These `command_1/2` can be any command, as long as they produce output data stream.

Let's take a look at this with super simple files and commands.

## Data
We'll be using online customer review data from Japan and France, which are part of [amazon customer reviews dataset](https://s3.amazonaws.com/amazon-reviews-pds/readme.html), which looks like below.

In [20]:
# set file path as variable
jp='data/aq_cat/jp_amazon.csv'
fr='data/aq_cat/fr_amazon.csv'
ramen='data/aq_cat/ramen-ratings.csv'

cat $jp
cat $fr

MarketPlace,product_category,star_rating
JP,Mobile_Apps,1
JP,Mobile_Apps,5
JP,Mobile_Apps,3
JP,PC,5
JP,PC,5
MarketPlace,product_category,star_rating
FR,Shoes,5
FR,Toys,5
FR,Mobile_Apps,4
FR,Digital_Music_Purchase,3
FR,Mobile_Apps,5


Each dataset include 5 datapoints, and only includes reviews from thier own marketplace, Japan and France. <br>

### With Column Spec

**Advantages of providing column specs**<br>
* input and output can be delimiter-separated format or binary format
* output columns can be selected by its names, not the index nubmers

**Disadvantages:**<br>
* need to know the column specs in advance
* can only concatenate data stream with same schema / columns

With the same amazon dataset, we'll specify the column spec and set it to bash variable, then execute the command.


In [13]:
# input with column spec, without +1
cols="S:marketplace S:product_category I:star_rating"
aq_cat -f <(cat $jp) <(cat $fr) -d $cols

"marketplace","product_category","star_rating"
/dev/fd/62: Bad field value: byte=1+41 rec=1 field=star_rating
/dev/fd/63: Bad field value: byte=1+41 rec=1 field=star_rating
aq_cat: Input processing error


: 13

Opps, what happened here?
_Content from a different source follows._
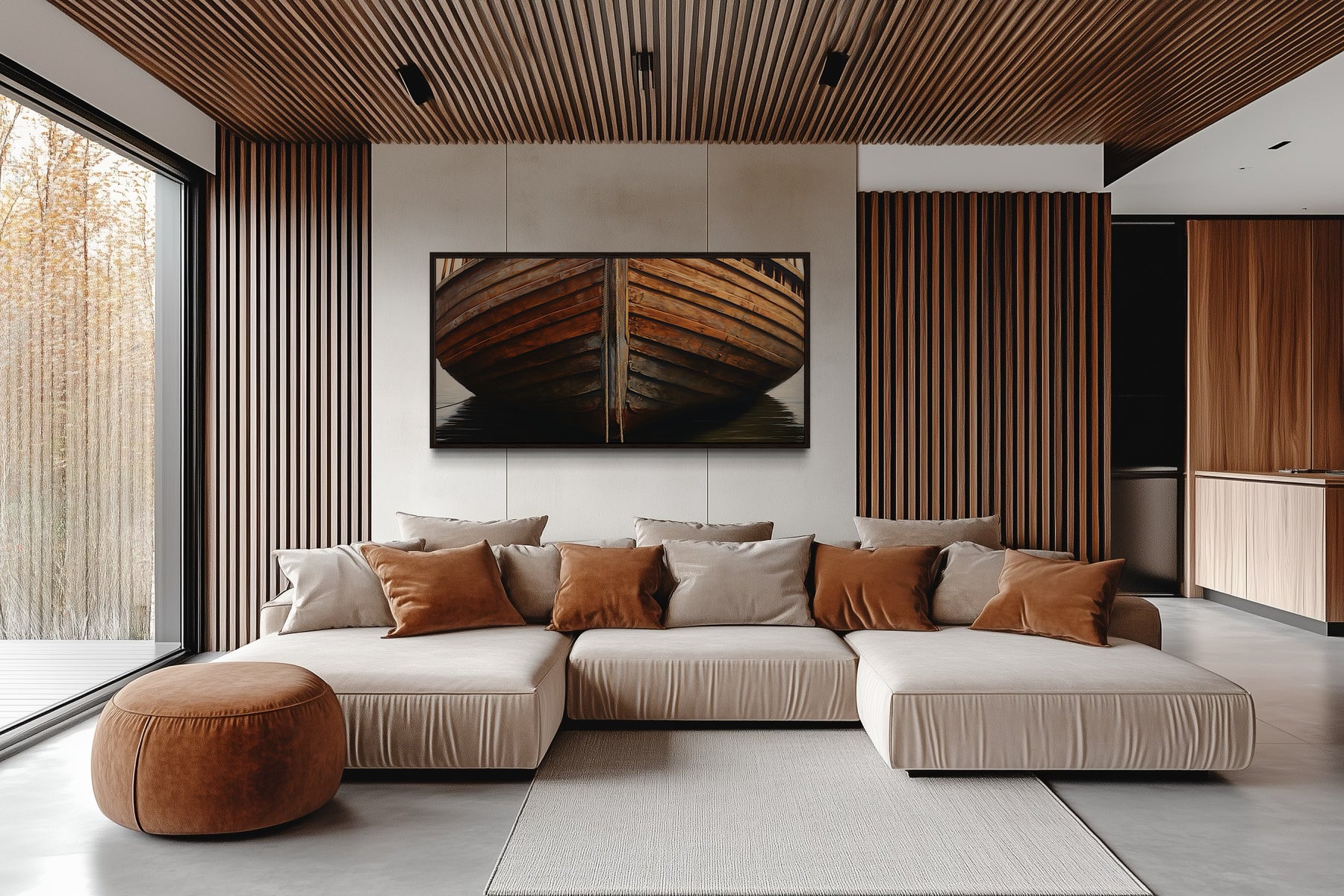 Wooden Boat Wall Art – Rustic Cabin Decor | Framed Canvas Print for Lake House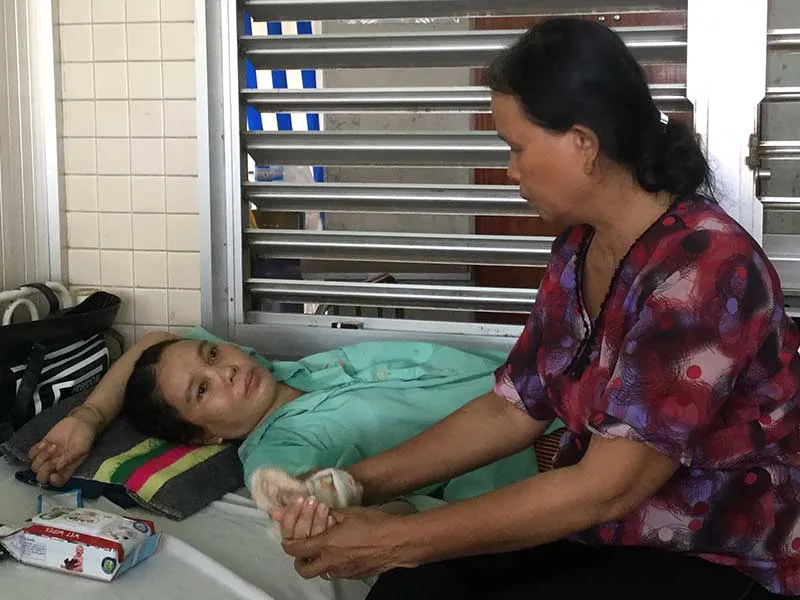 Mẹ chị Khải đang chăm sóc chị tại BV Chợ Rẫy. Ảnh: NGUYỄN HIỀN

It says `bad field value:...`. The reason why is because we're loading the headers of the data as data stream as well, and applying the column spec. Let's add `+1` to the input spec in order to skip the header.

In [14]:
aq_cat -f,+1 <(cat $jp) <(cat $fr) -d $cols

"marketplace","product_category","star_rating"
"FR","Shoes",5
"FR","Toys",5
"FR","Mobile_Apps",4
"FR","Digital_Music_Purchase",3
"FR","Mobile_Apps",5
"JP","Mobile_Apps",1
"JP","Mobile_Apps",5
"JP","Mobile_Apps",3
"JP","PC",5
"JP","PC",5


**Specifying Output Column**<br>
Let's output the artbitrary column. We'll try index and column names both.

In [16]:
# output column by column names
aq_cat -f+1 <(cat $jp) <(cat $fr) -d $cols -c marketplace star_rating

"marketplace","star_rating"
"FR",5
"FR",5
"FR",4
"FR",3
"FR",5
"JP",1
"JP",5
"JP",3
"JP",5
"JP",5


In [17]:
# output column by column index
aq_cat -f,+1 <(cat $jp) <(cat $fr) -d $cols -c 1 3

Column "1" not found
Invalid parameter "1": ... -c 1 3
aq_cat: Option spec error


: 2



### Without Column Spec
**Advantages of without column spec:**<br>
* simple to use
* allows you to concatenate data stream with different schema / columns

**Disadvantage of without column spec:**<br>
* only support output in delimiter separated format, nothing else (e.g. binary format)
* output column can only be selected by numbers, not column names

We'll use `cat` command to stream the data from these files, then substitute it into `aq_cat` command.

In [3]:
# Process substitution
aq_cat -f <(cat $jp) <(cat $fr)

MarketPlace,product_category,star_rating
JP,Mobile_Apps,1
JP,Mobile_Apps,5
JP,Mobile_Apps,3
JP,PC,5
JP,PC,5
MarketPlace,product_category,star_rating
FR,Shoes,5
FR,Toys,5
FR,Mobile_Apps,4
FR,Digital_Music_Purchase,3
FR,Mobile_Apps,5


As you can see, the input data are combined together, including header. (Did not specify `+1` on the input spec for `aq_cat`. Let's try that to skip the header.

In [6]:
aq_cat -f,+1 <(cat $jp) <(cat $fr)

FR,Shoes,5
FR,Toys,5
FR,Mobile_Apps,4
FR,Digital_Music_Purchase,3
FR,Mobile_Apps,5
JP,Mobile_Apps,1
JP,Mobile_Apps,5
JP,Mobile_Apps,3
JP,PC,5
JP,PC,5


**Specifying Output Column**<br>

Let's only output `marketplace` and `star_rating` column, using `-c` option. Because we are not providing column spec, we will use column index number to specify the output columns **(starting with 1, not 0)**.

In [11]:
# index starts at 1!
aq_cat -f,+1 <(cat $jp) <(cat $fr) -c 1 3

FR,5
FR,5
FR,4
FR,3
FR,5
JP,1
JP,5
JP,3
JP,5
JP,5


In [None]:
# does this work??
aq_cat -f,+1 <(cat $jp) <(cat $fr) -c marketplace star_rating

**Cocatenating Data Streams that have different Data Schemas / Columns**<br>
Sometimes you might want to concatenate data stream that have differnt columns, or shcema.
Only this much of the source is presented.